B is for black salt


So, I've been a vegan for three years now and I've never cooked with black salt. Nope, never (and I only tried it for the first time a few months ago.) But, after seeing a million and one recipes that called for it and praised its virtues, I decided it was time to put an end to that situation.

This is the first time I've cooked with black salt - behold, Tofu Ranchero, based largely on this recipe from Blessed Mama on Blessed Vegan Life.


It's jalapenos on scrambled tofu on refried beans on a plate -- and it's lovely. Sure, refried beans always look like they came out the wrong end of a dyspeptic dog, but I won't hold that against them.

I can't be doing with a breakfast that you don't need sherpas to climb up and enough heat to remind you what your tastebuds are for. I want a breakfast that rewards me for getting out of bed, and this one was did just that.

I love Mexican food, and I love it most at breakfast. But how was the black salt? Did my first tentative steps into black salt cooking transport my brekkie from tofu scramble to a mock scrambled eggs?

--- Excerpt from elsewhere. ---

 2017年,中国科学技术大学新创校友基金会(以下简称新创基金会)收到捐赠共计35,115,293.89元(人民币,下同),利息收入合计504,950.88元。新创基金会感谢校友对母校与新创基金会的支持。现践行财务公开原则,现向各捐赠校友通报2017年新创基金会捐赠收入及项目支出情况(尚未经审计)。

Er, the jury's out on that one. The addition of black salt gave off the sulphury whiff that I'd associate with eggs, but didn't add too much on the flavour side of things. (My first experience with black salt was at Inspiral Cafe, and it was the same there too - all smell, not so much taste).

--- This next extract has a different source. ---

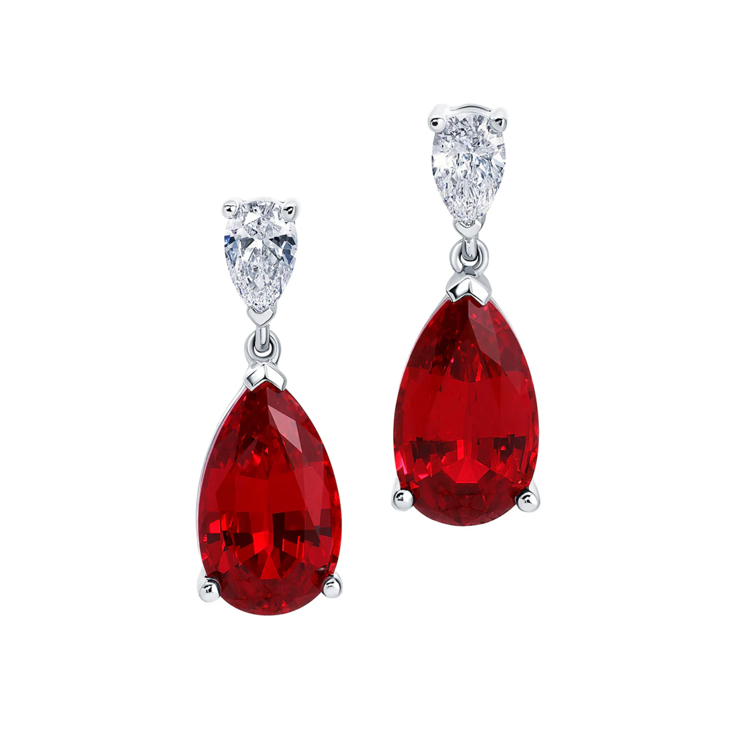 14 karat white gold drop earrings set with two 10 x 6 mm pear Chatham lab grown rubies at 3.48 carat total weight, accented with two pear shaped lab grown diamonds at 0.34 carat total weight with E - F color and VS1 - VS2 clarity, equipped with friction style backs.Details

Still, it was interesting, and bears more experimenting with. Any top suggestions for black salted recipes? Let me know...

7 comments

  1. I just ate lunch but this Tofu Ranchero is making me hungry. WOW it looks great. I love Mexican food and somehow always forget these type of dishes for breakfast. I haven't cooked much with Black Salt but I will let you know if I come up with something amazing to try.

    ReplyDelete
  2. I find the same thing with black salt, the aroma is a lot more eggy than it's actual taste. Love this type of dish and I don't care if refried beans look like they've come out of someone's backside because they taste so darn good. Your meal looks delish!

    ReplyDelete
  3. I've not ever tried black salt, so thank you for the review! Blessed Mama does know what she's doing when it comes recipes - yum!

    ReplyDelete
  4. I'm yet to try black salt, too! I like the idea of it but I was worried it would taste too eggy so I'm glad to hear it's not too strong taste-wise.

    ReplyDelete
  5. I still have not been able to find black salt except for online! I would only think to try it with tofu scramble too, not sure what else I'd put it in. I know that THe Vegg egg substitute powder is made up primarily of black salt and nutritional yeast. Maybe combining the two with your tofu scramble may achieve and eggier taste?

    ReplyDelete
  6. Yup, refried beans won't win any beauty competitions but damn are they good. Especially all dolled up with tofu! And I remember mentioning back in the day when you first talked about black salt, but I haven't tried anything with it ever. It doesn't seem terribly necessary to me as I like my tofu scrambles just fine the way they are, but lots of people are super gung-ho about it! So I think I have to try it on principle.

    ReplyDelete
  7. I like what black salt adds to the chickpea flour frittata recipe that VegNews posted a few Mother's Days ago. That whole recipe is pretty fab, actually.